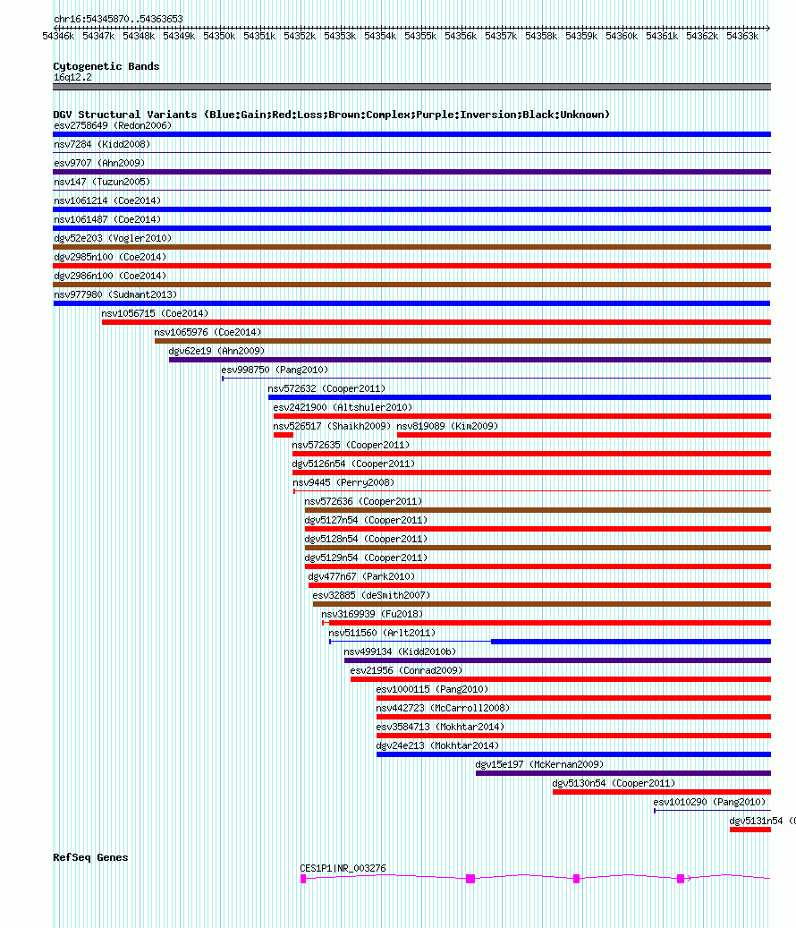 Variant DetailsVariant: nsv977980| Internal ID | 18613185 | | Landmark | | | Location Information | | | Cytoband | 16q12.2 | | Allele length | | Assembly | Allele length | | hg38 | 17784 | | hg19 | 17784 | | hg18 | 17784 |
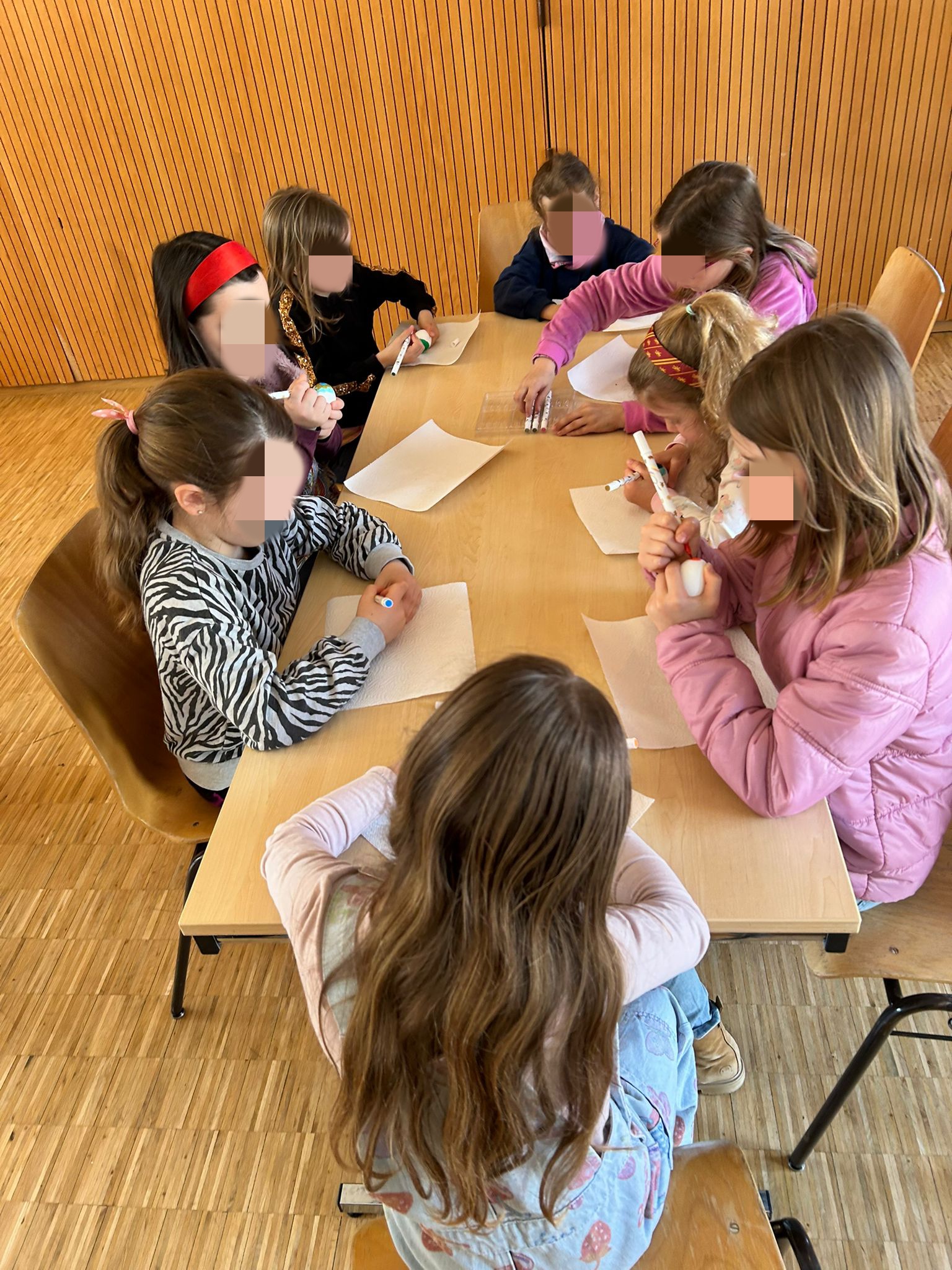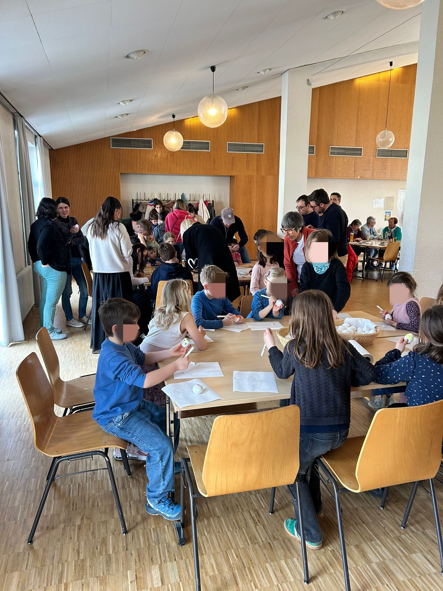 Nach einem kurzen, kindgerechten Impuls zur Fastenzeit und zur Vorbereitung auf Ostern ging es direkt los: Eier wurden bemalt, Kresse-Nester gebastelt und Kerzen verziert. Alle Tische waren besetzt und überall wurde konzentriert gearbeitet, gelacht und bewundert. Das vorbereitete Bastelmaterial für rund 80 bis 100 Kinder war am Ende komplett verbraucht – ein besseres Zeichen für einen gelungenen Vormittag gibt es wohl kaum 😅
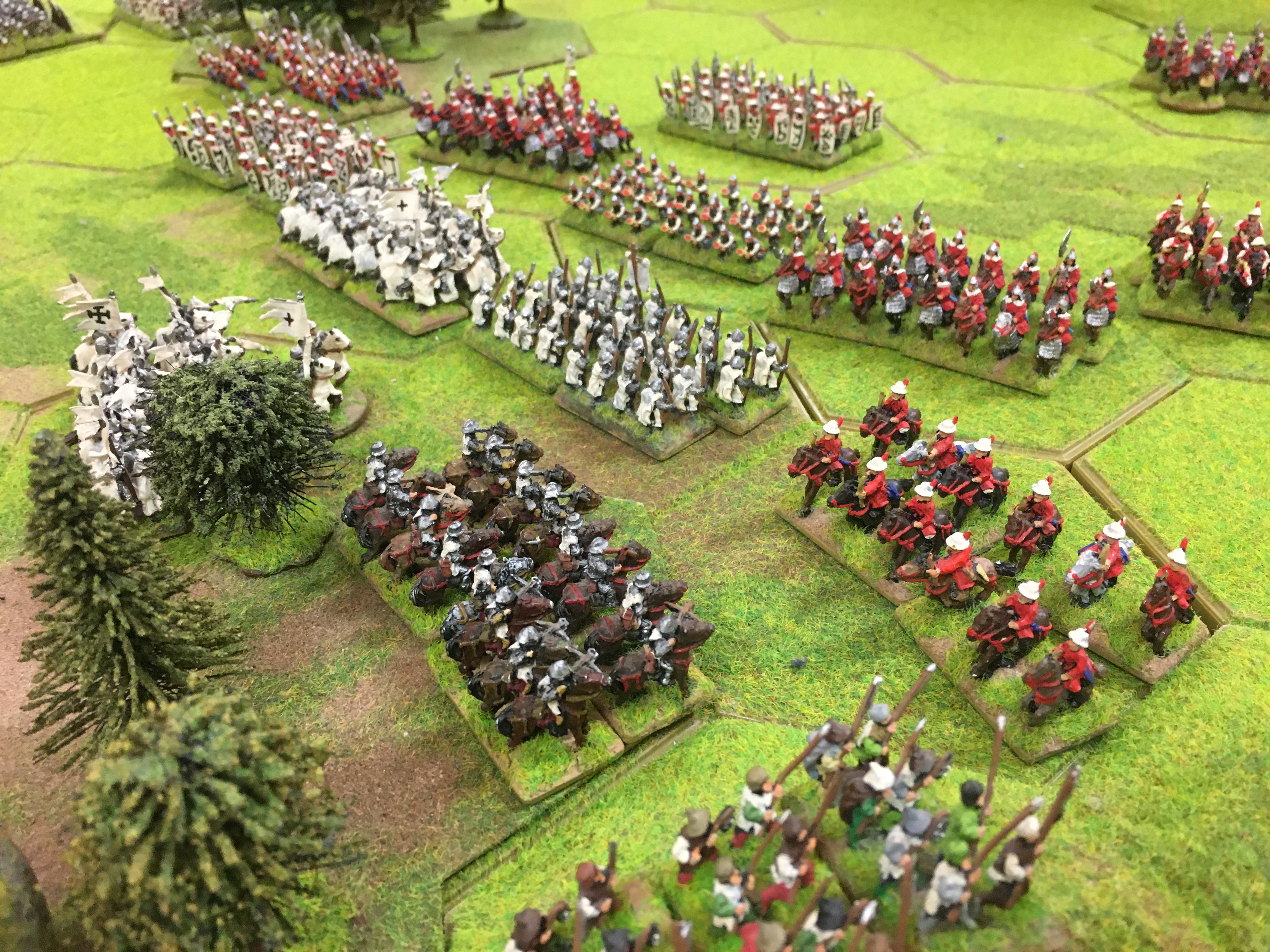 The Chinese gained the central 3 hex wood and pushed the victorious units beyond and into combat with the Teutonic Knights waiting behind. This committed the Teutonic Knights into combat and prevented the mass charge. The knights made their presence felt but were now fighting towards and getting caught by Chinese infantry in the 3 hex woodland.
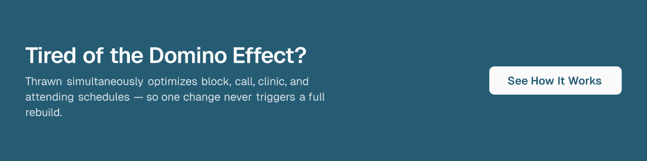 If your program is still absorbing the scheduling burden onto a chief resident every year, a consultation with Thrawn is worth the conversation.
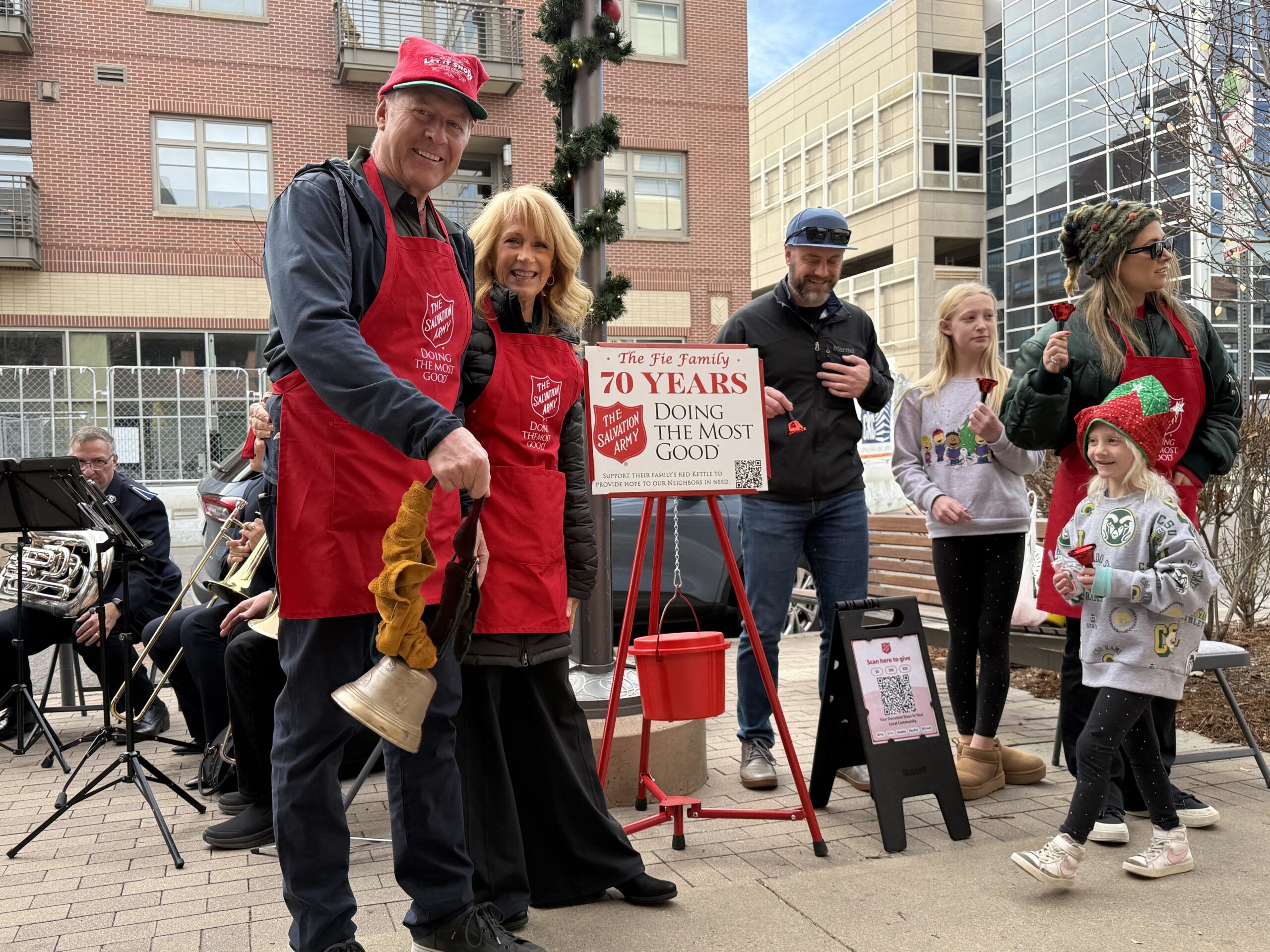Multiple members of the Fie family stretched out to six different locations across the city, accompanied by the Salvation Army Brass Band, to both raise holiday donations and celebrate 70 years and over $1 million in donations gathered for the nonprofit.
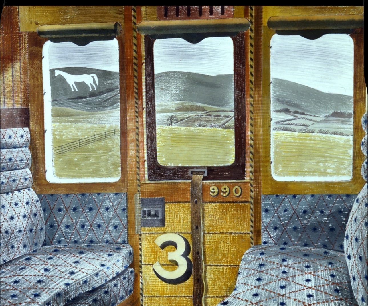 The painting is a collage which was created by Ravilious’s wife, Tirzah Garwood, who used elements taken from several of these train journey sketches. The artist’s family clarified that the White Horse image was a composite view.
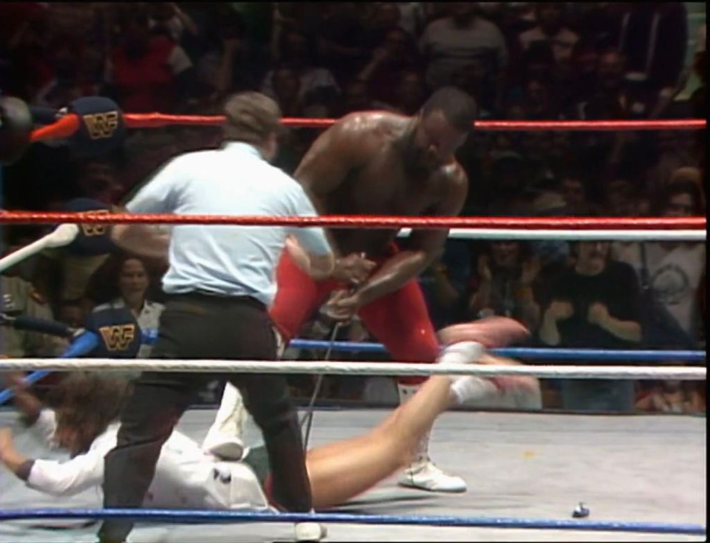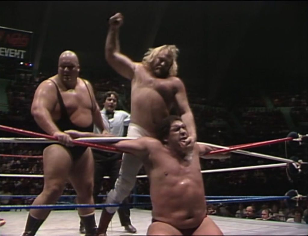 Ma per quanta potenza di fuoco potessero vantare Hogan e André, Bundy e Studd potevano sempre contare su una cattiveria senza eguali: a loro non importava vincere, ma fare più del male che potessero. Ne fece le spese André, che si ritrovò con le braccia incastrate tra le corde, praticamente alla mercé dei due, con Studd che picchiò sullo sterno che il francese si era rotto il mese prima a suon di pugni, potenti come un martello pneumatico. L’arbitro chiamò la squalifica, e ad evitare che Studd fracassasse nuovamente lo sterno di André ci pensò Hogan, sempre pronto ad aiutare l’amico nel momento del bisogno.
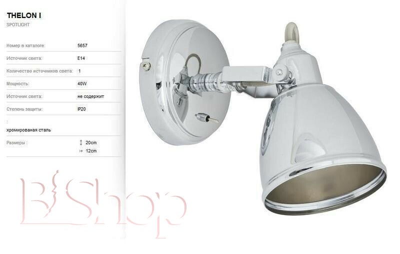 Количество ламп: 1. Тип цоколя: E14. Высота (см): 20. Глубина (см): 12. Мощность лампы (Вт): 40.
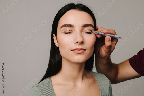 Surgeon is planning upper blepharoplasty with marker. Surgeon is drawing marking lines on eyelid of patient to have accurate operation.
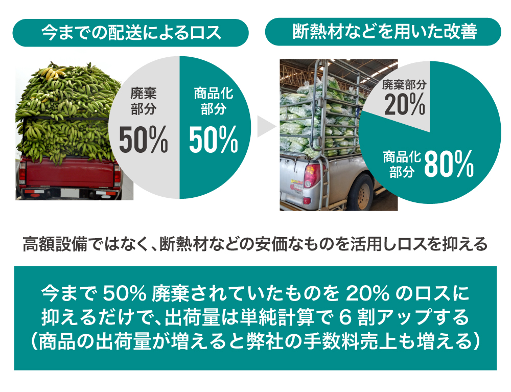 そこで弊社では、輸送環境を整備することでフードロスを解決するとともに、自社売上拡大のポイントでもある「作物の出荷量」を拡大することを目指しています。そのために、冷蔵機能のついた高価なトラックを導入するのではなく、安価な断熱材などを活用することで、費用対効果の最大化を目指します。

* [Exercise brief]
Restate the data exactly, though only from the line that contains "Surgeon is planning" through its last line, both ends included and with the pictures left out.

* [Exercise solution]
 Surgeon is planning upper blepharoplasty with marker. Surgeon is drawing marking lines on eyelid of patient to have accurate operation.
 そこで弊社では、輸送環境を整備することでフードロスを解決するとともに、自社売上拡大のポイントでもある「作物の出荷量」を拡大することを目指しています。そのために、冷蔵機能のついた高価なトラックを導入するのではなく、安価な断熱材などを活用することで、費用対効果の最大化を目指します。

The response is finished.